Van Morrison's version of 'woke' is his awakening to the conclusion that for the West, the sun has set.

Van-the-Man Morrison has a new plan for western man.

Highlights


Sir Van saw a bright future when he recorded 'Astral Weeks.'

But 'Astral Weeks' was many years ago, and from where he now stands, the future's looking dim and dark.

By the metric of lyrical quality and relevance alone, the best song of 2021 was Van Morrison’s “Western Man.”

Although undramatic in manner, it’s the wisest response-in-song to 2020 that I’m aware of.

As Morrison sings, the Western situation is “not going back to the way it was.”

Whatever comes next for the West, as Morrison sings, the Western situation is “not going back to the way it was.”

God blessed Van with the gift of golden vocal cords, and remarkably, a gift that would extend—even grow?—into his 70s.  Maybe there is some connection there with Van being one of the few Boomer songsters to have kept his soul, one who could rise to the challenge of our society’s present, yet late-in-the-hour-for-him, crisis/revelation, one that calls for reassessment of a good deal of the ’60s/’70s culture revolution that he was very much a part of.

And in “Western Man,” Van’s lyrics consist of two little stanzas that make upfront statements connected to the song’s title, and a larger one that presents a parable-like event set in the countryside.

 

        Western Man has no plan,

        since he became complacent.

        Stopped believing in himself,

        and let others steal his rewards,

        while he was dreaming’. 

        …Now Western Man is adrift, and under attack.

 

Here is a longer stanza in its final version, although bits of it appear, with some slight variations, earlier in the song:

 

        Now there’s no other bite,

        no other bite of the cherry,

        unless he’s prepared to fight–

        start on, a new path to freedom.

        The horse has bolted from the stables,

        the lunatics have taken over the farm,

        caretakers have taken over the main building.
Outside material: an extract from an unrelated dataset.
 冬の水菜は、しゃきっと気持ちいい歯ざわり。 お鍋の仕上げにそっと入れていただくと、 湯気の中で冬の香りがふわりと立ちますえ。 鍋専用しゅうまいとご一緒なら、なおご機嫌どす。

        The governors have gone, over the wall!

        Plan to start meetings in the forest.

        Not going back, not going back to the way it was. 

        While he was dreaming,

        Others were scheming.  (repeat w/ variations)

 

Most of the interpretation here is not complicated, but lest we miss one of the noteworthy points by interpreting too quickly, let’s lay them out.
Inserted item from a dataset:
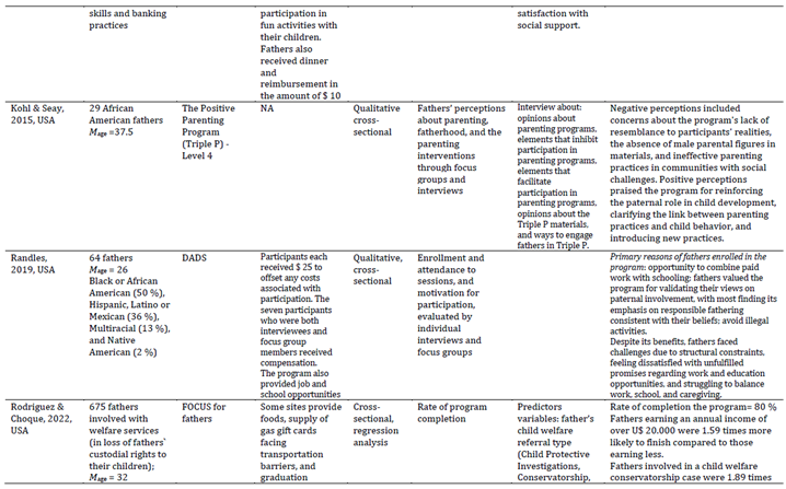 Four studies, through interviews, evaluated fathers’ perceptions of engagement and interest in parenting programs. Randles (2020) investigated how fathers’ perceptions of fatherhood influenced their engagement in the parenting guidance program (DADS). Notably, in addition to parenting training, the program offered courses and educational opportunities for fathers, as well as assistance with job searching and professional development, enabling participants to improve their financial conditions. As a result, most fathers identified these factors as the main reasons for their participation and engagement in the program. Another aspect mentioned was the validation provided by professionals, who acknowledged fathers’ efforts and positive behaviors in fatherhood. The program reinforced the importance of both financial and emotional support, helping fathers redefine their roles to include presence and care. Fathers valued the program’s ability to provide stable employment, social support, and practical resources, all of which were essential for sustaining their involvement with their children. These findings highlight the importance of comprehensive support for fathers, particularly those facing socioeconomic challenges, to help them fulfill their roles as responsible and engaged parents.

First and foremost, we have already lost the main battle.  Other songs from the 2021 album, Latest Record Project, Vol. 1, are titled “They Own the Media,” “Big Lie,” “Double Agent,” and speak of a “long con” or even of a “they” who “control everything you do,” and that one sketches a situation where a society’s “governors have gone over the wall,” and its former “caretakers” have “taken over the main building.”

According to Van, we have already lost the main battle.
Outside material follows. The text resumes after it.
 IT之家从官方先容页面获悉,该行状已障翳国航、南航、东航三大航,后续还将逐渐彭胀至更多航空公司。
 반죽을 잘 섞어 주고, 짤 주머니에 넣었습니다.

Second, Van indicates that Western Civilization itself is what is under attack.  There is no way anymore to conduct a defense from the “walls,” because the home-grown, educated enemies of the West now control most of what’s left inside.

Third, our defeat is so total that we have to conclude, not only that “going back to the way it was, now just seems near impossible,” but that we need to adopt a vision of Western freedom that is in some respects a “new path.”  A “new path” that might require “meetings in the forest.”

Fourth, our struggle will involve reconstructing manliness—which has suffered under deconstruction. With this song, Van is declaring that he is no longer going to bother himself about the supposed concerns—for in our day, 19 times out of 20, these are nothing but a form of bullying pressure, the kind of thing that sophisticated persons might raise about our speaking of the basic goodness of the West, and of masculinity.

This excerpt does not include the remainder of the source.